▶ _Task directions_:
Start with the line that holds "Petugas BPB Kab.". Please copy it and each remaining line below exactly, leaving pictures out.

= = =

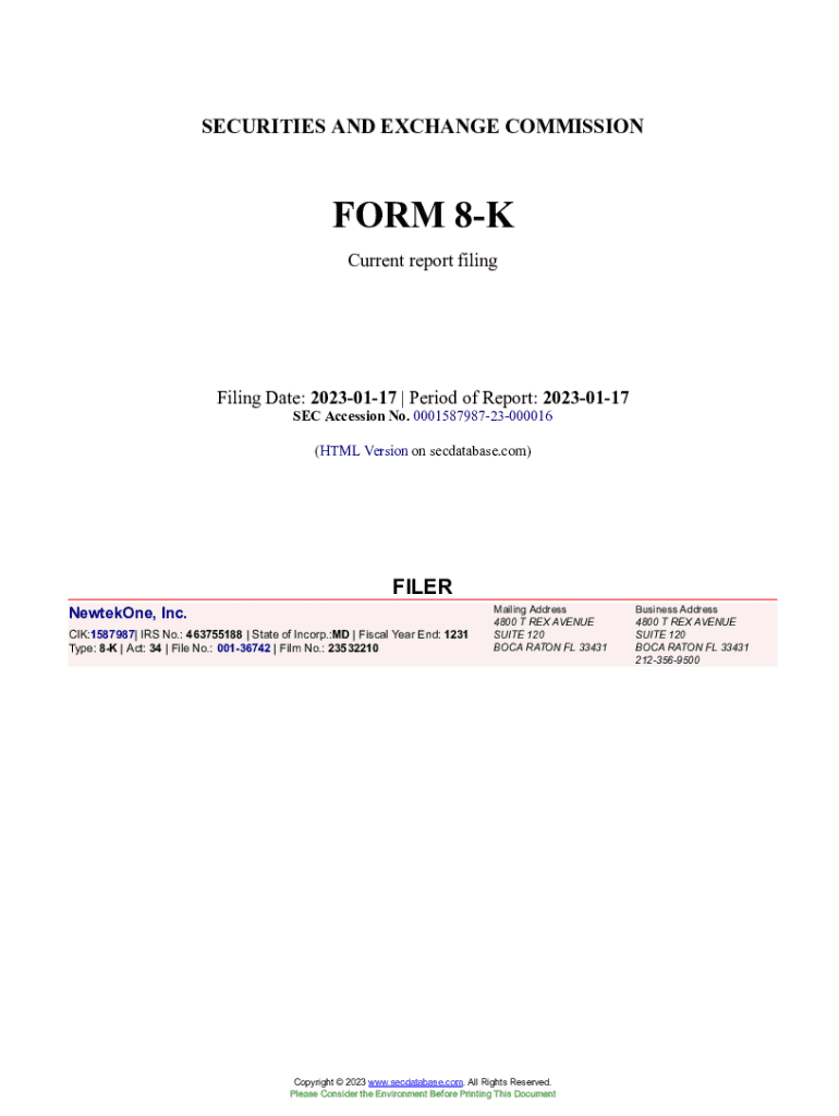 Get the free NewtekOne, Inc. Form 8-K Current Event Report Filed 2023-01-17. Accession Number
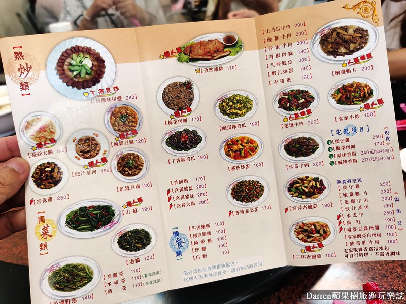▼中興小館菜單,有熱炒、青菜、煲鍋、海產、火鍋類等等,也有提供簡餐,如果需要熟食真空包就需要預定,中興小館必點有煲仔雞、海鮮獅子頭、梅菜肉餅、嫩薑鴨片、客家小炒、三杯杏鮑菇、臘味拼盤等
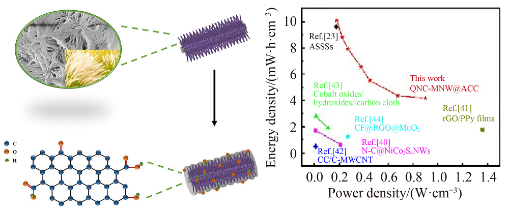 The bind-free carbon cloth-supported electrodes hold the promises for high-performance electrochemical capacitors with high specific capacitance and good cyclic stability. Considering the close connection between their performance and the amount of carbon material loaded on the electrodes, in this work, NiCo2O4 nanowires were firstly grown on the substrate of active carbon cloth to provide the necessary surface area in the longitudinal direction. Then, the quinone-rich nitrogen-doped carbon shell structure was formed around NiCo2O4 nanowires, and the obtained composite was used as electrode for electric double layer capacitor. The results showed that the composite electrode displayed an area-specific capacitance of 1794 mF∙cm–2 at the current density of 1 mA∙cm–2. The assembled symmetric electric double layer capacitor achieved a high energy density of 6.55 mW∙h∙cm–3 at a power density of 180 mW∙cm–3. The assembled symmetric capacitor exhibited a capacitance retention of 88.96% after 10000 charge/discharge cycles at the current density of 20 mA∙cm–2. These results indicated the potentials in the preparation of the carbon electrode materials with high energy density and good cycling stability.
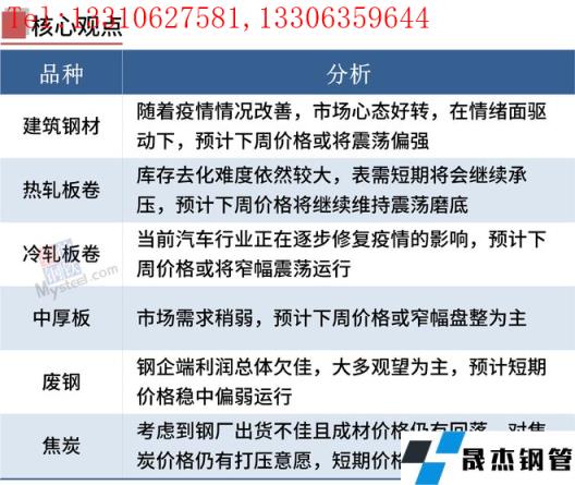 宏觀麵,今日央行宣布5年期LPR下調,也意味著個人住房貸款利率最低可達首套房4.25%,利好房地產市場。產業麵,調研85家獨立電弧爐無縫宅男在线小视频鋼管廠家平均虧損86元/噸,本周電爐廠減產力度明顯加大,高爐廠鐵水產量變化不大。本周鋼市成交量大起大落,體現需求不穩定,市場信心不足。短期鋼價漲跌反複,處於震蕩築底階段,隨著國內疫情防控形勢進一步好轉,預計國內經濟逐步複蘇,鋼市供需壓力逐步緩解,中期來看有望呈現震蕩反彈行情。
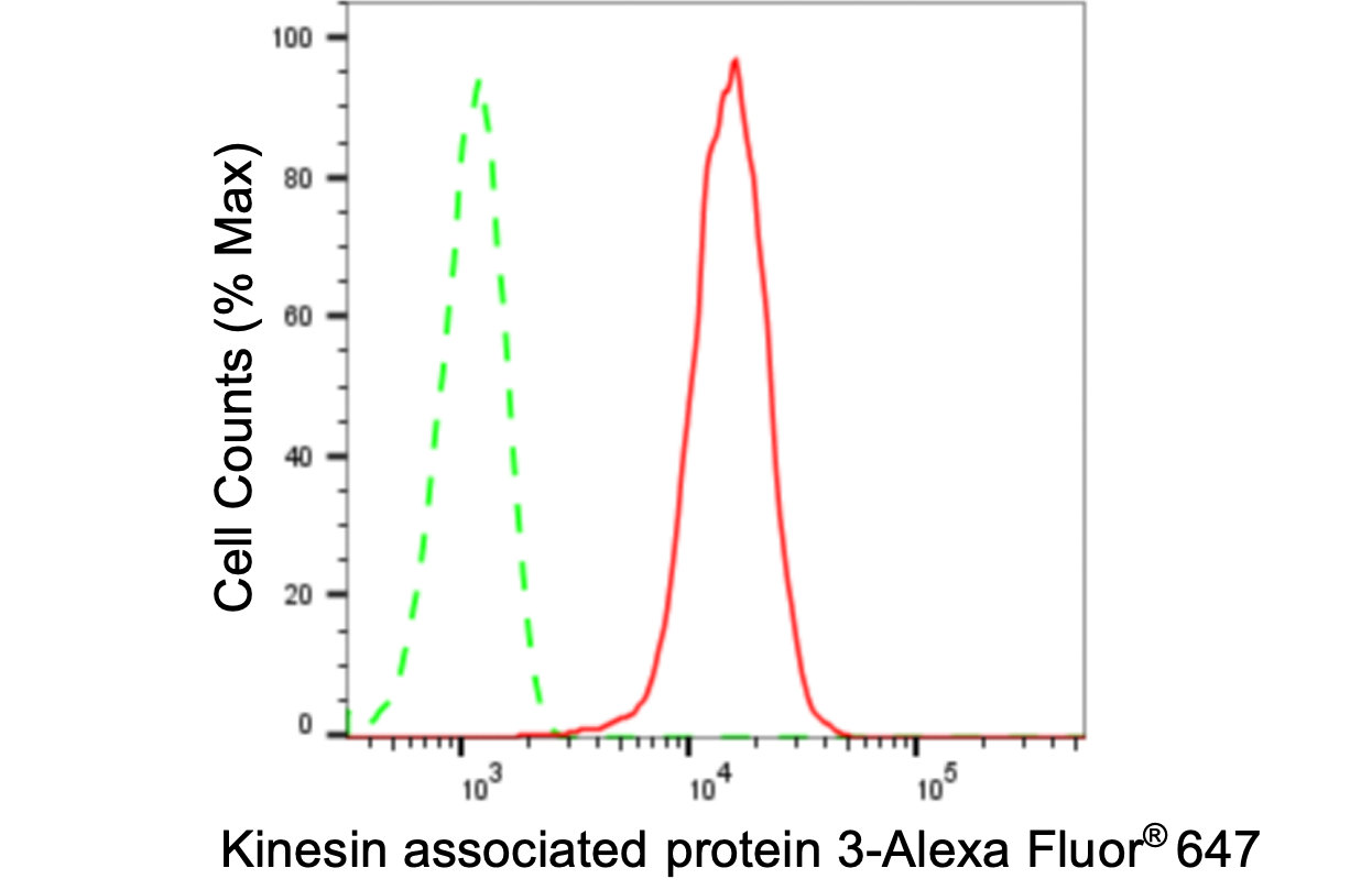Flow cytometric analysis of Kinesin associated protein 3 expression in HepG2 cells using Kinesin associated protein 3 antibody. Green, isotype control; red, Kinesin associated protein 3.
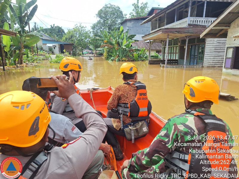 Petugas BPB Kab. Sekadau melakukan pendataan dan pemantauan lokasi terdampak banjir dan longsor, Kamis (8/1/2026). [Sumber: BPBD Kab. Sekadau].
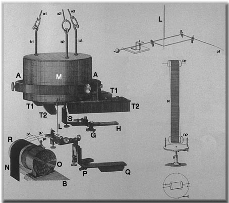 Un anello di ferro AA, sostenuto da due supporti avvitati nella parte posteriore delle travi T1 e T2 circondava la massa; avvitate a questo anello tre grandi viti a testa graduata, disposte simmetricamente intorno alla massa, avevano lo scopo di ridurre le oscillazioni del pendolo e di misurare l'ingrandimento delle leve.
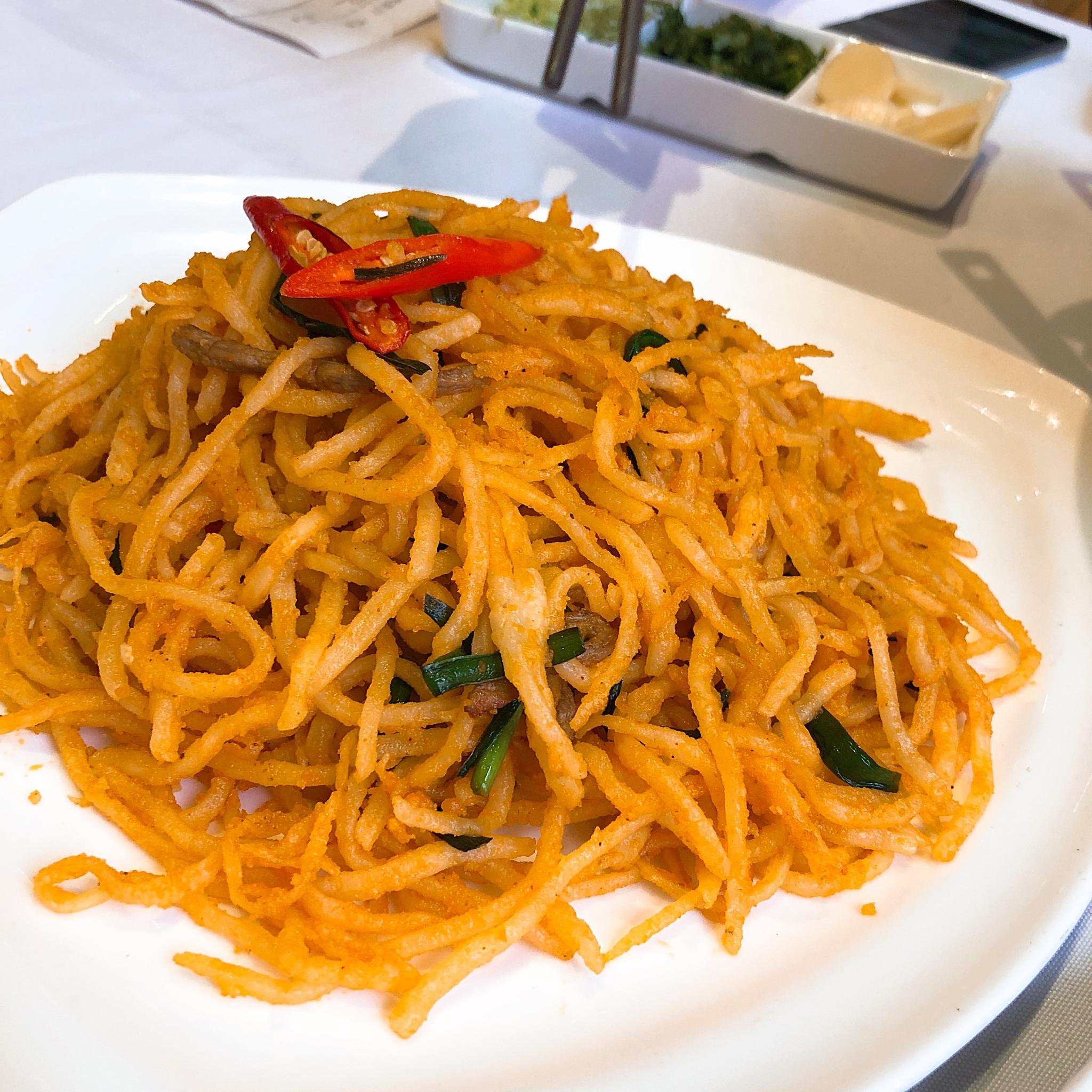 洋芋擦擦:洋芋擦擦外酥里软,味道稍微有一些淡,不太符合我们一家人的口味。

= = =

▶ _Solved problem_:
 Petugas BPB Kab. Sekadau melakukan pendataan dan pemantauan lokasi terdampak banjir dan longsor, Kamis (8/1/2026). [Sumber: BPBD Kab. Sekadau].
 Un anello di ferro AA, sostenuto da due supporti avvitati nella parte posteriore delle travi T1 e T2 circondava la massa; avvitate a questo anello tre grandi viti a testa graduata, disposte simmetricamente intorno alla massa, avevano lo scopo di ridurre le oscillazioni del pendolo e di misurare l'ingrandimento delle leve.
 洋芋擦擦:洋芋擦擦外酥里软,味道稍微有一些淡,不太符合我们一家人的口味。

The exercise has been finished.